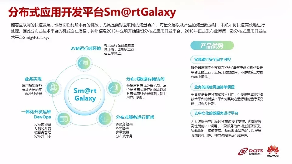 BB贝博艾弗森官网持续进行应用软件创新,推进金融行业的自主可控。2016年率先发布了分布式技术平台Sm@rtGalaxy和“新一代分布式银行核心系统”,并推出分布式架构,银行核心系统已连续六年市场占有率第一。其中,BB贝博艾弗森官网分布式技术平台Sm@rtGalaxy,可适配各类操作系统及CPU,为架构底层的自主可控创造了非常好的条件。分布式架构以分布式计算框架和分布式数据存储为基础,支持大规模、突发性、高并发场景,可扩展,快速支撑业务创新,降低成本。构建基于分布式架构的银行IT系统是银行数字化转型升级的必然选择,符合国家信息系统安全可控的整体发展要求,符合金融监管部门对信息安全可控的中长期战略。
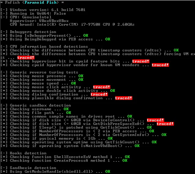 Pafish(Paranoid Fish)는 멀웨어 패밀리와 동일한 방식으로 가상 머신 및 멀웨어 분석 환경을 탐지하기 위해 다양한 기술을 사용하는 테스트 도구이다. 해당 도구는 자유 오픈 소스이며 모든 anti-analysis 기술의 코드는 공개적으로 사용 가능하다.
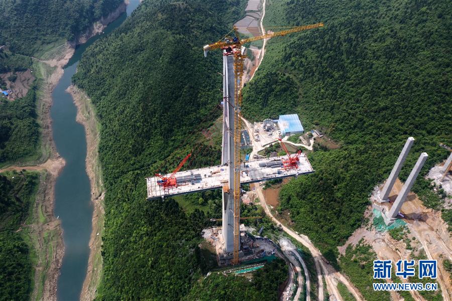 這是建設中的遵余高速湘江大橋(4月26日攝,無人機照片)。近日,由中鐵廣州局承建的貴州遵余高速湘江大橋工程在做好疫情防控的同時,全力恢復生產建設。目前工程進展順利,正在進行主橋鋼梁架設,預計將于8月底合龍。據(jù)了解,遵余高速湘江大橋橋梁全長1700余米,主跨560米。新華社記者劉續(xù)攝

········

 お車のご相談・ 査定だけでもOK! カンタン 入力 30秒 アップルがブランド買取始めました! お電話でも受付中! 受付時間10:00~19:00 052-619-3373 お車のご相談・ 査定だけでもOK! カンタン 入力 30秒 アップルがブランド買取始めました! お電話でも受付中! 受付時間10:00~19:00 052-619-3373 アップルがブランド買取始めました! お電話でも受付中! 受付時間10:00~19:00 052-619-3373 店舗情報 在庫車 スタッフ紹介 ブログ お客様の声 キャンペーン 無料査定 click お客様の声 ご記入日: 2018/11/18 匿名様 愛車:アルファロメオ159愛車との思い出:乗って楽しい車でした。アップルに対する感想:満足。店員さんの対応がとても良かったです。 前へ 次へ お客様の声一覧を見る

········

EXERCISE PROMPT ▸ Your reply is to be an exact repeat of the listing above from the line holding "Pafish(Paranoid Fish)는 멀웨어" down to the line holding "這是建設中的遵余高速湘江大橋", ends included, pictures excluded.

OUTPUT FOR THIS EXERCISE ▸
 Pafish(Paranoid Fish)는 멀웨어 패밀리와 동일한 방식으로 가상 머신 및 멀웨어 분석 환경을 탐지하기 위해 다양한 기술을 사용하는 테스트 도구이다. 해당 도구는 자유 오픈 소스이며 모든 anti-analysis 기술의 코드는 공개적으로 사용 가능하다.
 這是建設中的遵余高速湘江大橋(4月26日攝,無人機照片)。近日,由中鐵廣州局承建的貴州遵余高速湘江大橋工程在做好疫情防控的同時,全力恢復生產建設。目前工程進展順利,正在進行主橋鋼梁架設,預計將于8月底合龍。據(jù)了解,遵余高速湘江大橋橋梁全長1700余米,主跨560米。新華社記者劉續(xù)攝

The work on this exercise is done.